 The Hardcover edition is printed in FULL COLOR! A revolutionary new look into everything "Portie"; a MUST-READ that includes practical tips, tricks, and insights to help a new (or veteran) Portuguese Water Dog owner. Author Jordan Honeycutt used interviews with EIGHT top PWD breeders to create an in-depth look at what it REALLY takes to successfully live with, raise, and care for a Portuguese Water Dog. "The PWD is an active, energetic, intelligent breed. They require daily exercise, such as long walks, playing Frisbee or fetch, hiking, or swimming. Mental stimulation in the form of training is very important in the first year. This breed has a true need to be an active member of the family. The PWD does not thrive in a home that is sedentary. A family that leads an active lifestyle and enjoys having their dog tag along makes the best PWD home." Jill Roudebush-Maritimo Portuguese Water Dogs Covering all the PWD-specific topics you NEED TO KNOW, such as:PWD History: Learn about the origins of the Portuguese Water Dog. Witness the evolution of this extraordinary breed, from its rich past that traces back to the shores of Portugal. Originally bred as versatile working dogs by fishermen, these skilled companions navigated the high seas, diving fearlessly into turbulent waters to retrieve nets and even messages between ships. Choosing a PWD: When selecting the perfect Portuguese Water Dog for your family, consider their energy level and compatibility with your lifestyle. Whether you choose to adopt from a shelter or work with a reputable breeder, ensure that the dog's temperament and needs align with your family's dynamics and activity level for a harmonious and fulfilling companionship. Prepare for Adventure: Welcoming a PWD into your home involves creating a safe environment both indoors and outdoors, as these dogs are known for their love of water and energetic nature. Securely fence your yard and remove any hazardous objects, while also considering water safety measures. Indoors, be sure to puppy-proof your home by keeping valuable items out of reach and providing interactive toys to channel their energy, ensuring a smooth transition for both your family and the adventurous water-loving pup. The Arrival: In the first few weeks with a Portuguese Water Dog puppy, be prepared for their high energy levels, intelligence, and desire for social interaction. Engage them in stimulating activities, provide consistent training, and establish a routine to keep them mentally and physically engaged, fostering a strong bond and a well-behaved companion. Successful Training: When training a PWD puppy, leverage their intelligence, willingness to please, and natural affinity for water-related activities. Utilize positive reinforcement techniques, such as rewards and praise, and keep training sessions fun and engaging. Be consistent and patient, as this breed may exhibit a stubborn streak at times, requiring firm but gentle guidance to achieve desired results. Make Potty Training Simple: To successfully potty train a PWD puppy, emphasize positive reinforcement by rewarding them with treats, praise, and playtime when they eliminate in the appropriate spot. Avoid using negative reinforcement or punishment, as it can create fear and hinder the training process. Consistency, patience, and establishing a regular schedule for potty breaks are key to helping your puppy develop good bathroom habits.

==================================================

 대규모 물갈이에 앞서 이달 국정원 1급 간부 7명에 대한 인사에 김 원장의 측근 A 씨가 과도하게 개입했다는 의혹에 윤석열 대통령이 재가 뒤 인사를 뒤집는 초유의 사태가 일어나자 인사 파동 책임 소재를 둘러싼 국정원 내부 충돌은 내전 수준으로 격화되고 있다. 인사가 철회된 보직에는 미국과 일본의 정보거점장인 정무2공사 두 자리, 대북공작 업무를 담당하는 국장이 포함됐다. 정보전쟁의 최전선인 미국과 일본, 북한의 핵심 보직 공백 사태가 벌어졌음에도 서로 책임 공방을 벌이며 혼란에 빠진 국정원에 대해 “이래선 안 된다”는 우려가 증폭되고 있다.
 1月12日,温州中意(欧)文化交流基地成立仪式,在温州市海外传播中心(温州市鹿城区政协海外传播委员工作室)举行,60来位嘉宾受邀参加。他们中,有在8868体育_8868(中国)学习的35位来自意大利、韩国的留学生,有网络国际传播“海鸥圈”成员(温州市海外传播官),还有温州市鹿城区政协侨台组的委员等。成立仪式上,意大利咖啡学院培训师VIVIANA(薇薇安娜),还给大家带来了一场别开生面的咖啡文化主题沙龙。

==================================================

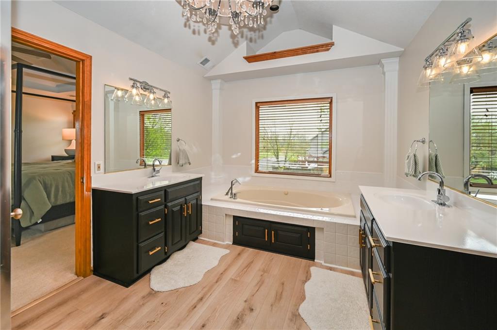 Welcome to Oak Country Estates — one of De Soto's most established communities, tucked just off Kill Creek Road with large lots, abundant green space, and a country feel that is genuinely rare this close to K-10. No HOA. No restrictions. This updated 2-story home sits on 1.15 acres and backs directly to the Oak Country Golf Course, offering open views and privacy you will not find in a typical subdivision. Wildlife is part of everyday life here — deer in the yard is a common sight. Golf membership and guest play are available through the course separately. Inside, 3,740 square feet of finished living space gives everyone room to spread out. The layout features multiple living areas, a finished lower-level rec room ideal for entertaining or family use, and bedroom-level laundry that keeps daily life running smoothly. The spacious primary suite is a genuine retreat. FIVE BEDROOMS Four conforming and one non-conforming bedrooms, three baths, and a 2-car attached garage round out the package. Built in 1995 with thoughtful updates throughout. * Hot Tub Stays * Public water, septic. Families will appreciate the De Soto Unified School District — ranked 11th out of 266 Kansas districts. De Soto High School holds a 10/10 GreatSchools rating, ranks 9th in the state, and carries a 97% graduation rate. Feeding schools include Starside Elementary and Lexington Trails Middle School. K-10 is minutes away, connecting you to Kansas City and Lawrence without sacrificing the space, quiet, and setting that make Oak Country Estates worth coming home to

==================================================

Exercise brief:
Copy the stretch of the records above that runs from the line with "대규모 물갈이에 앞서" through the line with "1月12日,温州中意(欧)文". Both end lines belong in the copy, and nothing else does.

Solution:
 대규모 물갈이에 앞서 이달 국정원 1급 간부 7명에 대한 인사에 김 원장의 측근 A 씨가 과도하게 개입했다는 의혹에 윤석열 대통령이 재가 뒤 인사를 뒤집는 초유의 사태가 일어나자 인사 파동 책임 소재를 둘러싼 국정원 내부 충돌은 내전 수준으로 격화되고 있다. 인사가 철회된 보직에는 미국과 일본의 정보거점장인 정무2공사 두 자리, 대북공작 업무를 담당하는 국장이 포함됐다. 정보전쟁의 최전선인 미국과 일본, 북한의 핵심 보직 공백 사태가 벌어졌음에도 서로 책임 공방을 벌이며 혼란에 빠진 국정원에 대해 “이래선 안 된다”는 우려가 증폭되고 있다.
 1月12日,温州中意(欧)文化交流基地成立仪式,在温州市海外传播中心(温州市鹿城区政协海外传播委员工作室)举行,60来位嘉宾受邀参加。他们中,有在8868体育_8868(中国)学习的35位来自意大利、韩国的留学生,有网络国际传播“海鸥圈”成员(温州市海外传播官),还有温州市鹿城区政协侨台组的委员等。成立仪式上,意大利咖啡学院培训师VIVIANA(薇薇安娜),还给大家带来了一场别开生面的咖啡文化主题沙龙。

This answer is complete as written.